Можно ли ходить по улицамъ Петербурга безъ шапки? Кириловъ ходитъ и попадаетъ въ участокъ. Описать всю безшапочную эпопею нѣтъ возможности. Кириловъ принесъ мнѣ цѣлый ворохъ замѣтокъ по этому поводу. Я передамъ только одинъ эпизодъ, по возможности, собственными словами Кирилова:

— «26 сентября, десятый часъ утра. Около Аничкова моста меня нагоняетъ городовой.

— Тебѣ нельзя ходить здѣсь. Сворачивай на Караванную.

— Мнѣ нужно на пріемъ въ общій департаментъ министерства внутреннихъ дѣлъ.

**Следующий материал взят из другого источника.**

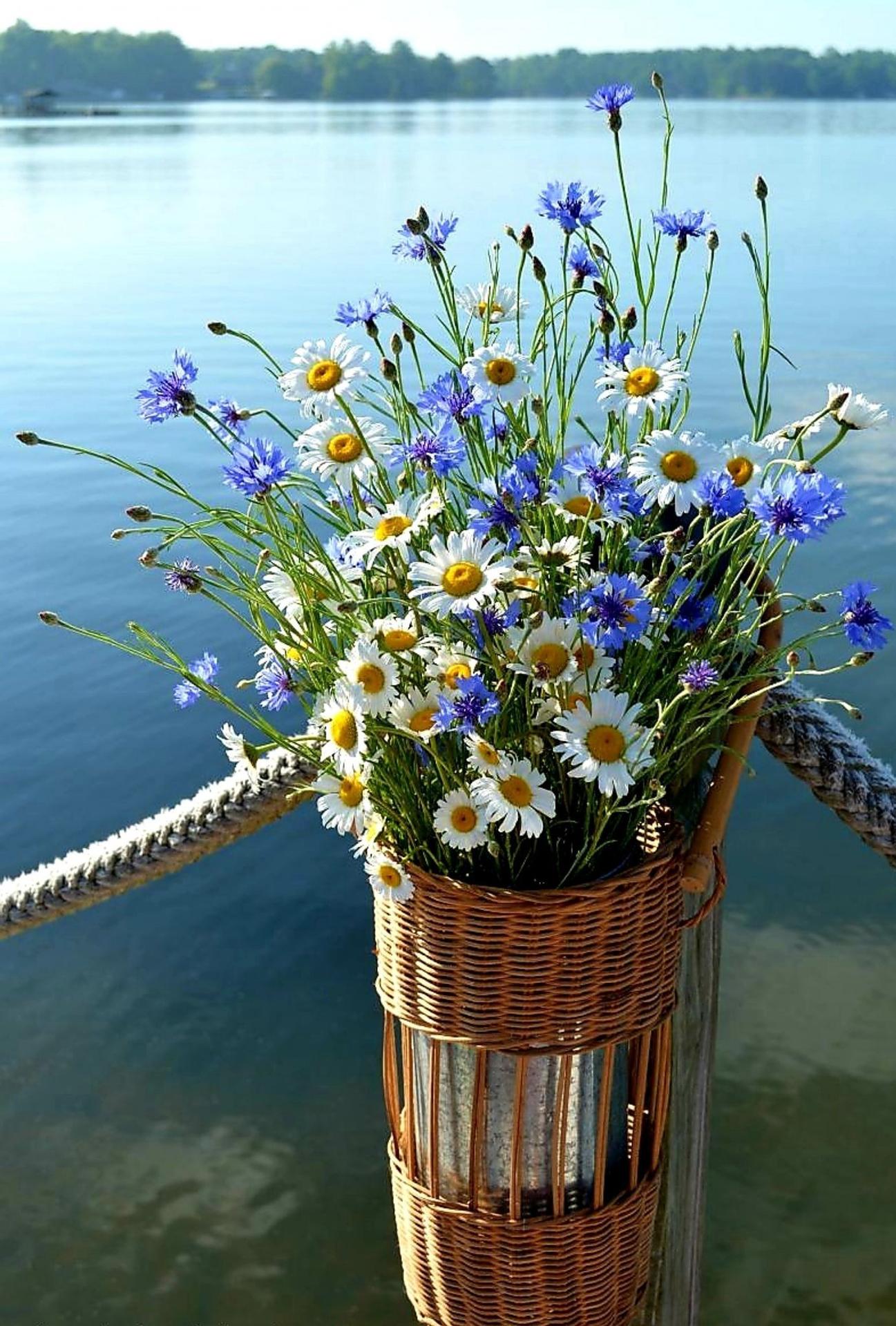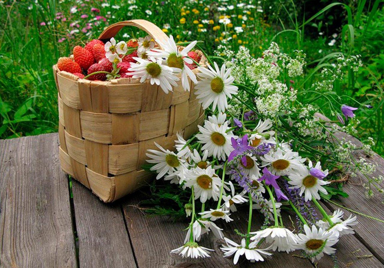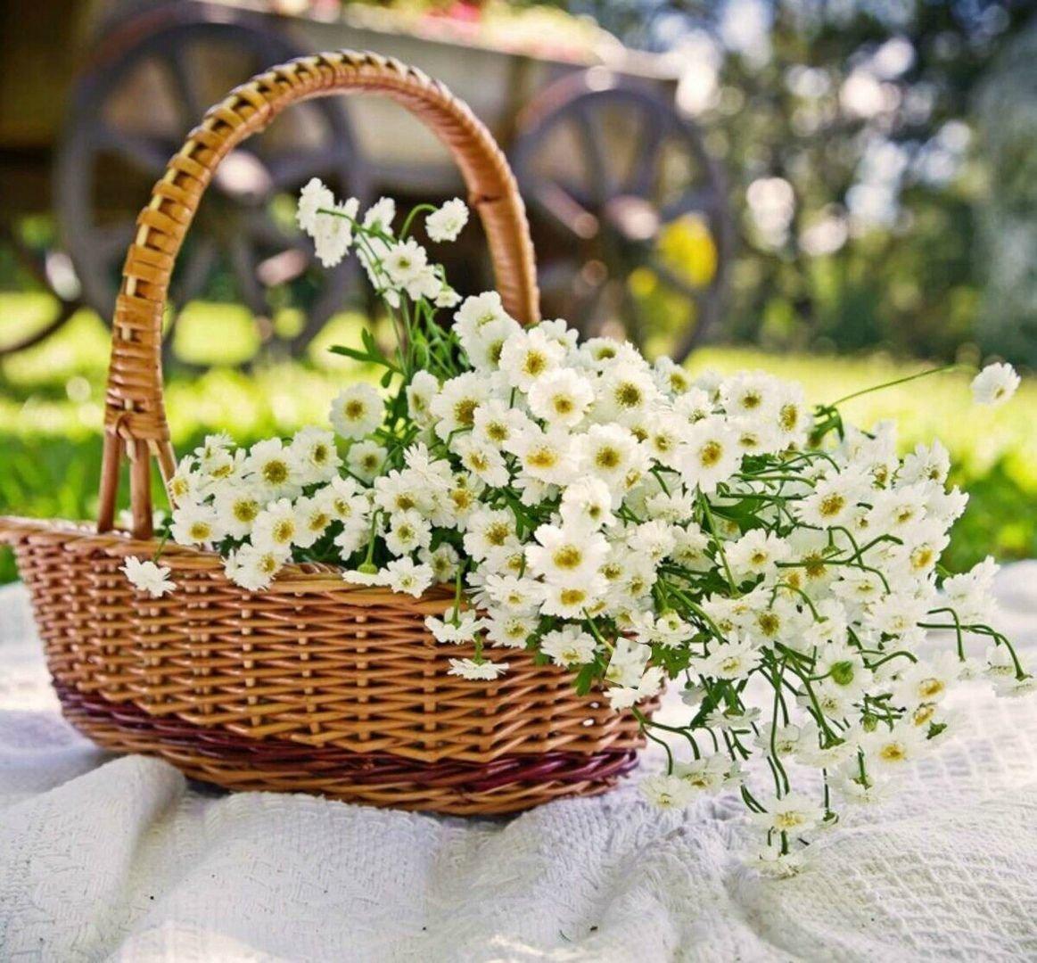 ромашки в корзине
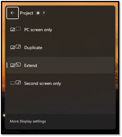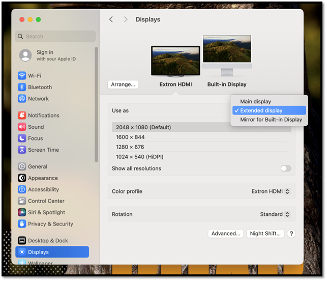 - Select a display in the window (in classrooms, the projector displays as Extron HDMI). Use the dropdown to select Mirror or Extend.

— Тебѣ говорятъ, сворачивай.

Обращаюсь къ околоточному:

— Скажите, пожалуйста, почему я не имѣю права идти по Невскому?

— Что такое?.. Зачѣмъ безъ шапки?..

— Мнѣ нужно въ министерство…

— Что, въ министерство?.. Отведите его въ участокъ…

Въ участкѣ часть комнаты отгорожена желѣзными прутьями сверху до низу. Въ загородкѣ стоитъ скамья. На ней могутъ помѣститься три человѣка. Четвертый можетъ встать у стѣны, между скамьею и печью. Три человѣка сидятъ въ клѣткѣ. Остальныхъ держатъ снаружи. Освобождается вакансія въ клѣткѣ и вотъ изъ наблюдателя становишься звѣремъ.

Товарищи мои по клѣткѣ были несчастные, потерянные для общества люди.

Одинъ былъ жуликъ въ студенческой формѣ, другой — нищій босякъ.

Съ первымъ у насъ завязался разговоръ о смыслѣ и дѣли жизни.

Босякъ разсердился.

— Задушилъ бы я васъ съ вашей философіей вмѣстѣ. Черта ли въ ней? Тутъ бы вырваться поскорѣй. Ей-Богу, задушу.

Онъ сердился на меня. Я своей фигурой, своими словами что-то поднималъ въ его душѣ, что-то будилъ.

Три часа дня. Рѣшетка отворилась. Меня вывели изъ клѣтки.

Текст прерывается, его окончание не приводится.